Saturated fats, particularly those found in high-fat dairy products, are being associated with protection against diabetes, heart disease, and strokes (1).  When examining the erythrocyte membrane and other tissues where unique types of dairy-based saturated fat can be found, researchers have repeatedly found lower risk and better overall health with higher levels of these fats, particularly heptadecanoic acid in those over the age of 60. There is a huge risk reduction for heart disease and strokes with higher levels of this fat found in cheese, butter, and full fat yogurts.

Of course, the saturated fats found in coconut and macadamia nuts are great too. These are the best fats to acquire in the largest quantities. Pacific Islander populations eating a traditional coconut-based diet have very low risks for any cardiovascular disease. Sri Lankans and other areas of the world where saturated fat is the predominant type of fat, especially from coconuts, also experience the lowest incidence of heart disease globally (2).

In general, as one leading expert said in a recent interview:

“In the nutrition field, it’s very difficult to get something published that goes against established dogma,” said Dr. Dariush Mozaffarian MD MPH, assistant professor, Harvard. “The dogma says that saturated fat is harmful, but that is not based, to me, on unequivocal evidence.”
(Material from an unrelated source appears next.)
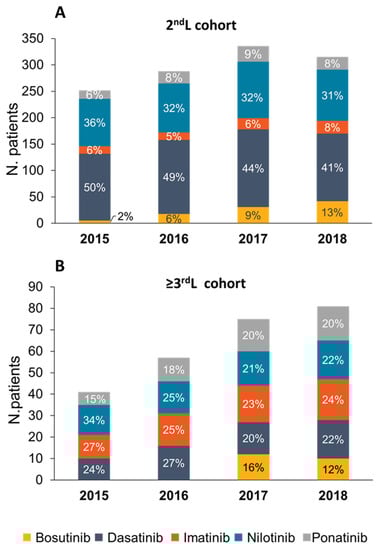 Distribution of patients by TKI in each calendar year in the 2nd L (A) and ≥3rd L (B).

Mozaffarian says he believes it’s critical that scientists remain open-minded. “Our finding was surprising to us. And when there’s a discovery that goes against what’s established, it shouldn’t be suppressed but rather disseminated and explored as much as possible.” (B)
(B. as quoted in Men’s Health)

Dr Mozaffarian’s work showed that heart disease was reversed with increased saturated fat, reduced omega 6 fats, and carbohydrates replaced with fat in general (3).

It makes sense to us. Hopefully you have found this helpful and have a better understanding of which fats support you or your loved one’s health.
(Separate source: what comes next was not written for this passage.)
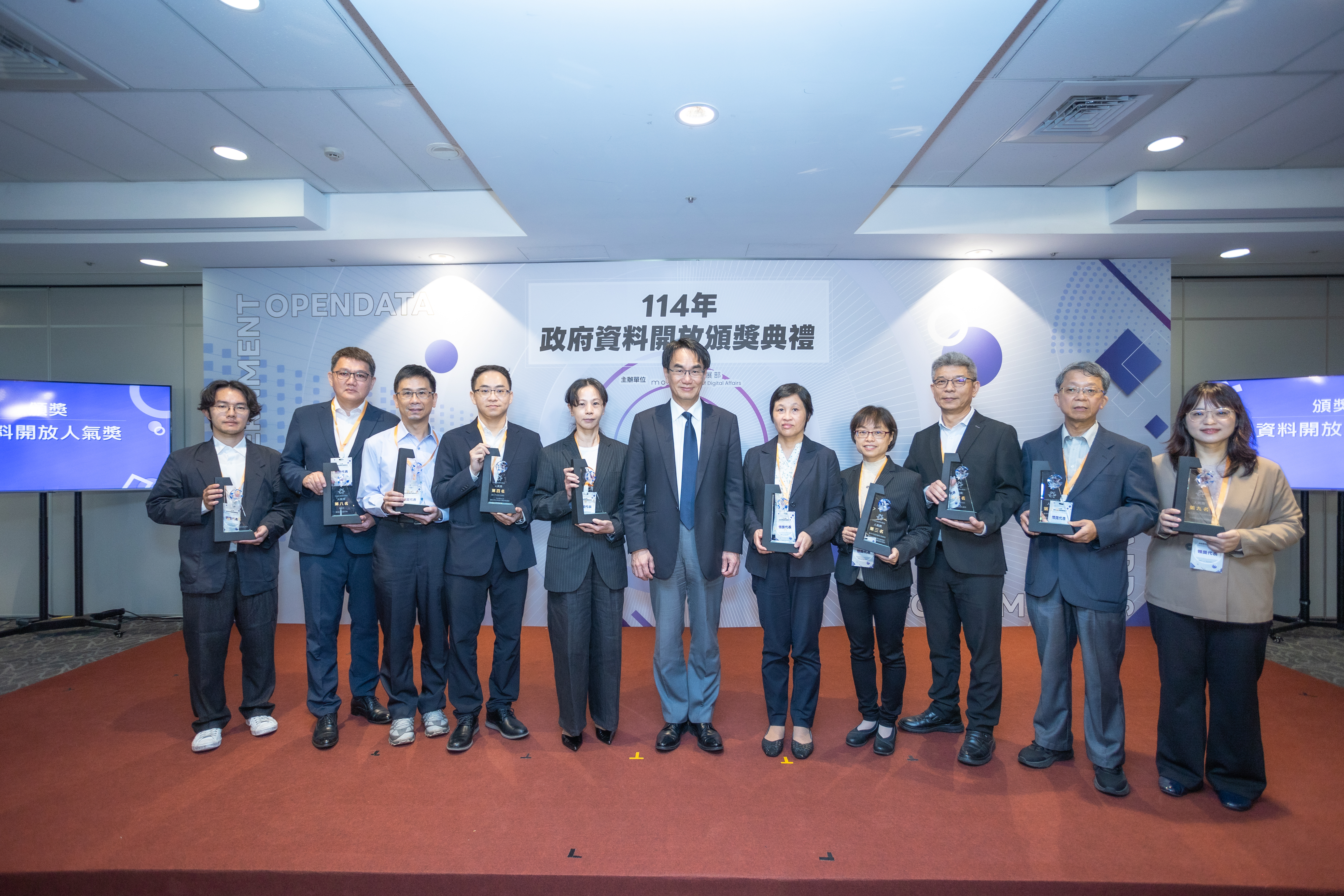 數位發展部今(1)日上午於臺北文創大樓舉辦「114年政府資料開放頒獎典禮」,表揚中央與地方政府在資料開放、資料治理及創新應用上的卓越成果。行政院吳誠文政務委員與數位發展部林宜敬部長共同出席授獎,肯定各機關(構)長年推動資料開放的努力。本次活動首度新增「開放文本語料績優獎」,宣示臺灣政府資料開放正式邁入支援AI人工智慧發展的新階段。

1. Krachler B et al. Fatty acid profile of the erythrocyte membrane preceding development of Type 2 diabetes mellitus. Nutr Metab Cardiovasc Dis. 2008 Sep;18(7):503-10. Epub 2007 Nov 26.
2. Nagashree RS et al. Effect of a Diet Enriched with Fresh Coconut Saturated Fats on Plasma Lipids and ErythrocyteFatty Acid Composition in Normal Adults. J Am Coll Nutr. 2017 Jul;36(5):330-334.
3. Mozaffarian D, Rimm EB, Herrington DM. Dietary fats, carbohydrate, and progression of coronary atherosclerosis in postmenopausal women. The American journal of clinical nutrition. 2004;80(5):1175-1184.

Here are a few more foundations to remember:

• A high carbohydrate diet increases inflammation and inflammation plays a role in most diseases.

• C-Reactive Protein is one way to see inflation markers in our blood analysis.

• Eight hours of sleep each night is key.

• Reducing stress and finding pure joy in your life is essential.